* Data segment:
Segment Open
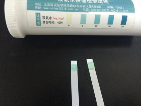 5、由于儀器的雙氧水檢出限為10mg/kg,決定用雙氧水試紙再驗證一下。檢測結(jié)果:雙氧水含量在0-5mg/kg之間。
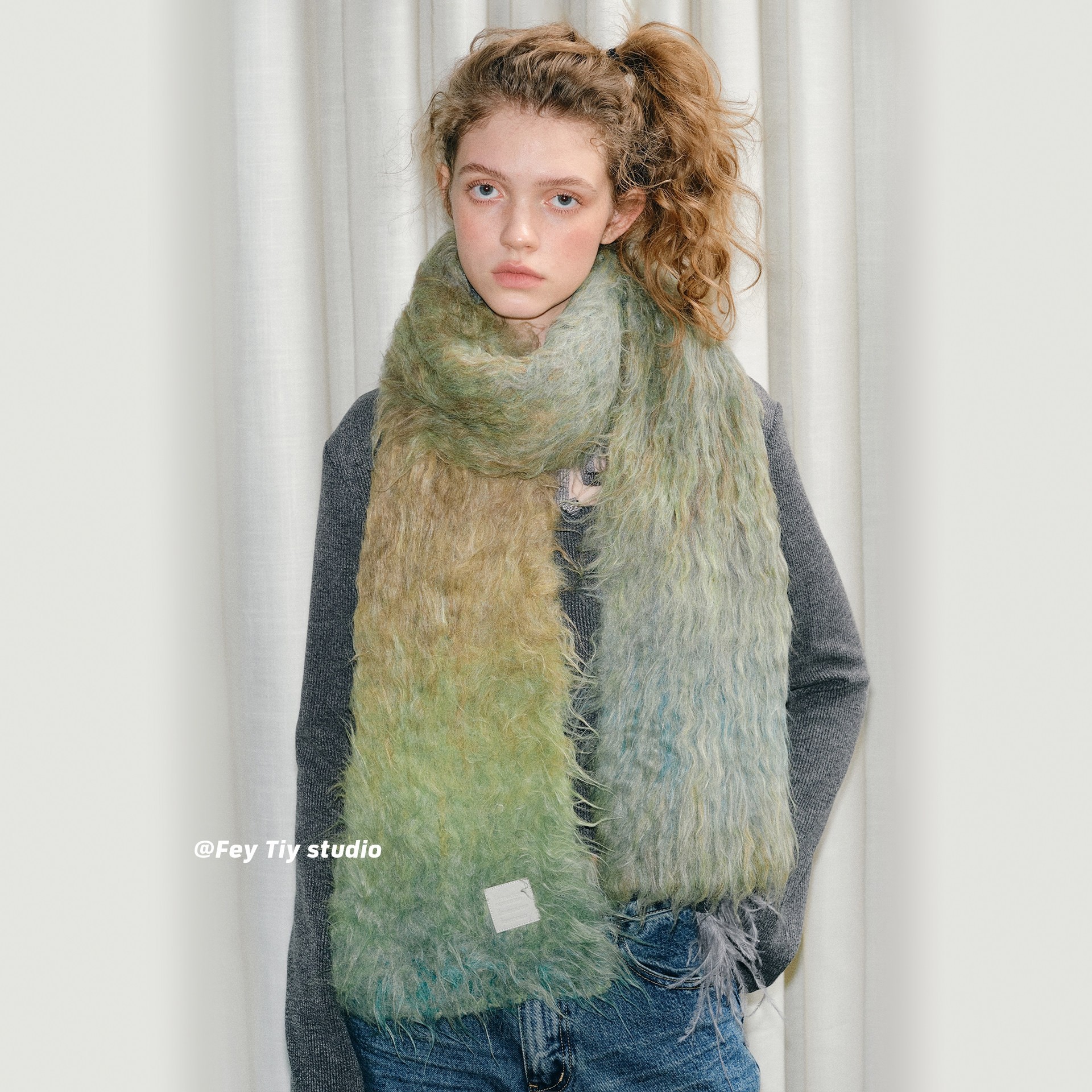 出口欧洲单~新款秋冬羊毛拉毛针织围巾重磅蓬松慵懒渐变围脖百搭
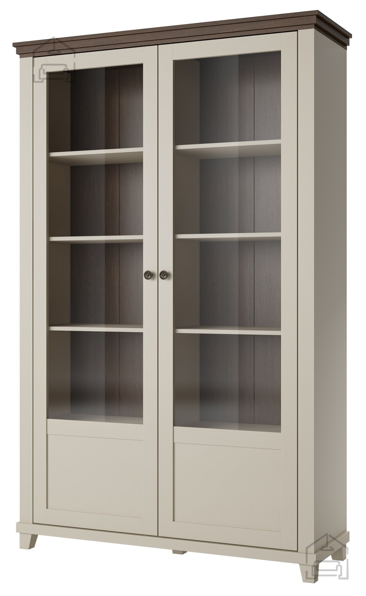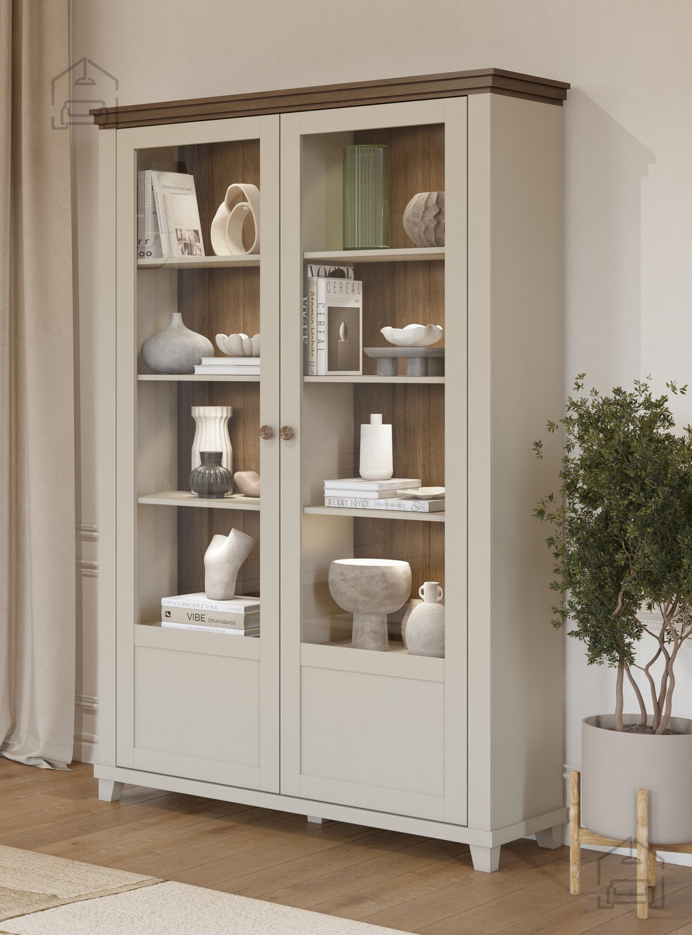 Elegantna kombinacija svetlo bež odtenkov in naravnega videza lesa: Široka vitrina Evora – Helvetia Meble.
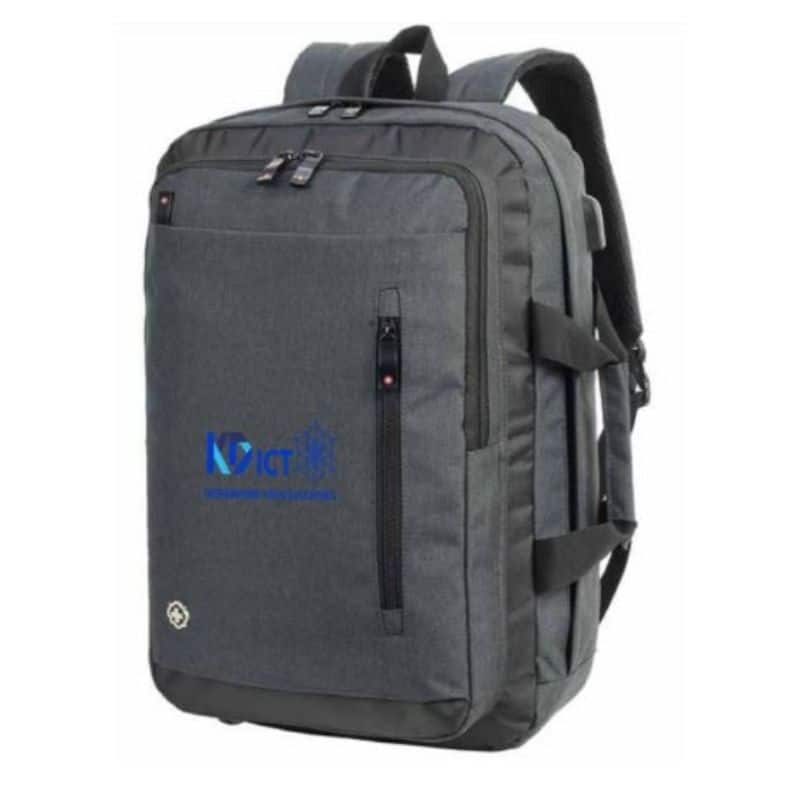 תיק הגב למחשב בורדו מעוצב כמאפשר טעינה לטלפון נייד. בצד התיק חיבור USB כולל כבל בעזרתו ניתן לחבר את הטלפון הנייד, הנמצא בכיס חיצוני לתיק, אל מטען המונח בתוך התיק. וכך ניתן אף להשתמש במכשיר בעודו נטען. תיק הגב יכול להפוך בקלות לתיק נשיאה המולבש על מזוודה. זהו תיק נסיעות מעולה המתאים לעבודה בטיסה/ נסיעה.
Segment Closed
* The task: Reproduce the data exactly as it appears above. Pictures are to be left out.

* Worked solution:
 5、由于儀器的雙氧水檢出限為10mg/kg,決定用雙氧水試紙再驗證一下。檢測結(jié)果:雙氧水含量在0-5mg/kg之間。
 出口欧洲单~新款秋冬羊毛拉毛针织围巾重磅蓬松慵懒渐变围脖百搭
 Elegantna kombinacija svetlo bež odtenkov in naravnega videza lesa: Široka vitrina Evora – Helvetia Meble.
 תיק הגב למחשב בורדו מעוצב כמאפשר טעינה לטלפון נייד. בצד התיק חיבור USB כולל כבל בעזרתו ניתן לחבר את הטלפון הנייד, הנמצא בכיס חיצוני לתיק, אל מטען המונח בתוך התיק. וכך ניתן אף להשתמש במכשיר בעודו נטען. תיק הגב יכול להפוך בקלות לתיק נשיאה המולבש על מזוודה. זהו תיק נסיעות מעולה המתאים לעבודה בטיסה/ נסיעה.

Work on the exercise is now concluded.